===== Records supplied

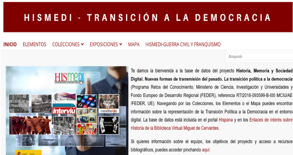
Figura 1. Proyecto HISMEDI-Transición a la Democracia.

Para su creación se elaboró una taxonomía con conceptos y personajes de la transición y con los tesauros de PARES, del archivo Linz y del proyecto TRANSLITEME. Con estos conceptos se procedió a la búsqueda de fuentes disponibles y los hallazgos se categorizaron según los metadatos recogidos por Dublin Core para ser incluidos posteriormente en el software de OMEKA –que funciona como una base de datos–.
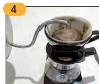
4 ドリップの際、外側にはお湯をかけなくてOK。お湯は内側から自然と外側に広がります
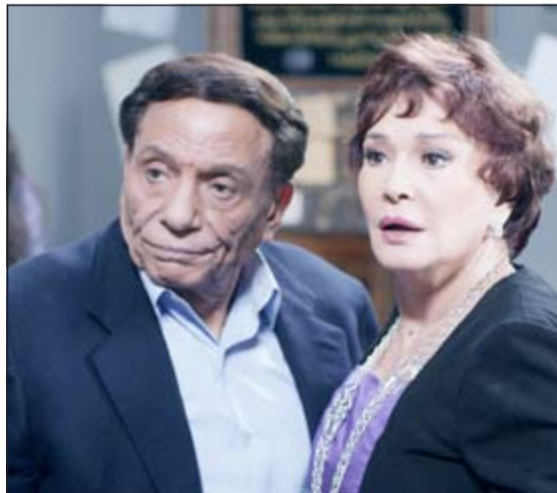
عادل إمام مع لبلبة في مشهد من المسلسل

بشكل بصمة ممتازة في مسيرتي المهنية.. قرر النجم الشاب ألا يفصح عن تفاصيل دوره في العمل، لكنه كشف جانباً من الأحداث الكفيلة بتشويق الجمهور، وبالتالي تمكينه من المتابعة، بعيداً عن «حرقها». ويشرح عن لقائه الأول على الطريق العام مع بهجت أبو الخير (عادل إمام)، الذي يساعده عند تعطل سيارته في الحلقة الثانية، ومنذ ذلك الحين، سيتردد عليه باستمرار، وينغص عليه حياته، حاملاً مواقف كوميدية متميزة.
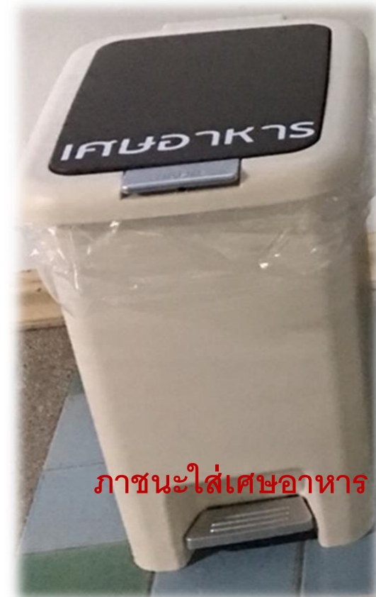
ภาชนะใส่เศษอาหาร
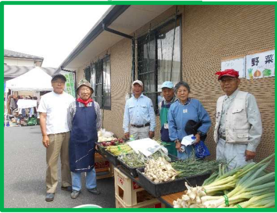
野菜は毎年絶好調の売れ行き！
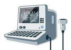
懷孕前三個月篩查 為高風險
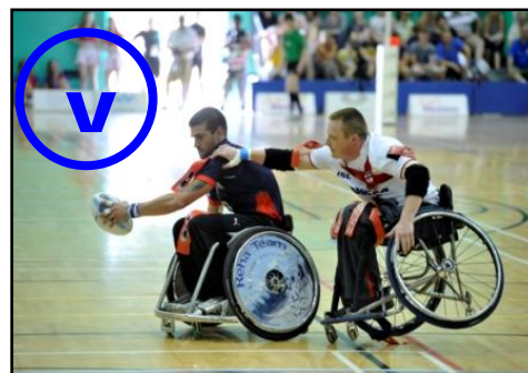
Balle tenue 2 mains en dessous de la ligne des épaules
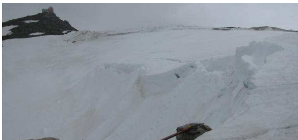
Alud en ciernes en la Hoya de la Mora 26-4-13
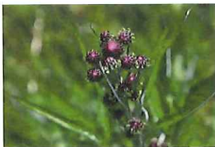
狐薊 キツネアザミ
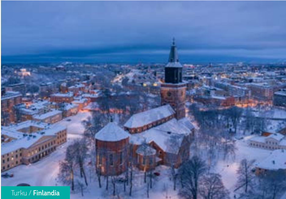
Turku / Finlandia
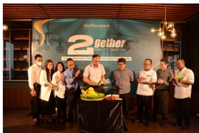
Gambar 2.3 Handle Anniversary Hotel
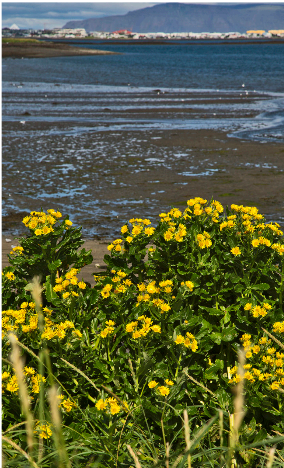
Sjávarleirur í Seylu
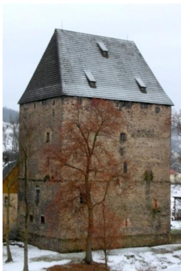
Wieża rycerska, pocz. XIV w., k.XVI
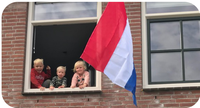
Een Nederlands huis

De kinderen waren gelukkig al snel tevreden met het wonen in Nederland. Voor ons gevoel zijn ze ook opgelucht om nu eindelijk een 'eigen huis' te hebben. Ze zijn op hun school goed begeleid en genieten van het contact met hun klasgenootjes. In de buurt rond ons huis zijn allerlei speeltuintjes waar ze met hun fiets of step naar toe kunnen racen. We zijn dankbaar dat het zo goed met ze gaat.
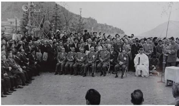
都市整備計画最後の懸案、万葉橋架設の起工式 (昭和38年10月)「写真集上山田の百年」

昭和38年(1963年)10月、旧戸倉町と旧上山田町(いずれも現在の千曲市)の都市計画事業と並行して万葉橋の架橋が具体化し、起工式が行われました。2年半の工事を経て、竣工は昭和41年(1966年)4月、事業費は約3億3千万円でした。
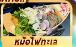
หม้อไฟทะเล

==========

Work task. Beginning with the line in which "Turku / Finlandia" appears, repeat exactly each line down to the close of the material, leaving every picture out.

Output of the task.
Turku / Finlandia
Gambar 2.3 Handle Anniversary Hotel
Sjávarleirur í Seylu
Wieża rycerska, pocz. XIV w., k.XVI
Een Nederlands huis

De kinderen waren gelukkig al snel tevreden met het wonen in Nederland. Voor ons gevoel zijn ze ook opgelucht om nu eindelijk een 'eigen huis' te hebben. Ze zijn op hun school goed begeleid en genieten van het contact met hun klasgenootjes. In de buurt rond ons huis zijn allerlei speeltuintjes waar ze met hun fiets of step naar toe kunnen racen. We zijn dankbaar dat het zo goed met ze gaat.
都市整備計画最後の懸案、万葉橋架設の起工式 (昭和38年10月)「写真集上山田の百年」

昭和38年(1963年)10月、旧戸倉町と旧上山田町(いずれも現在の千曲市)の都市計画事業と並行して万葉橋の架橋が具体化し、起工式が行われました。2年半の工事を経て、竣工は昭和41年(1966年)4月、事業費は約3億3千万円でした。
หม้อไฟทะเล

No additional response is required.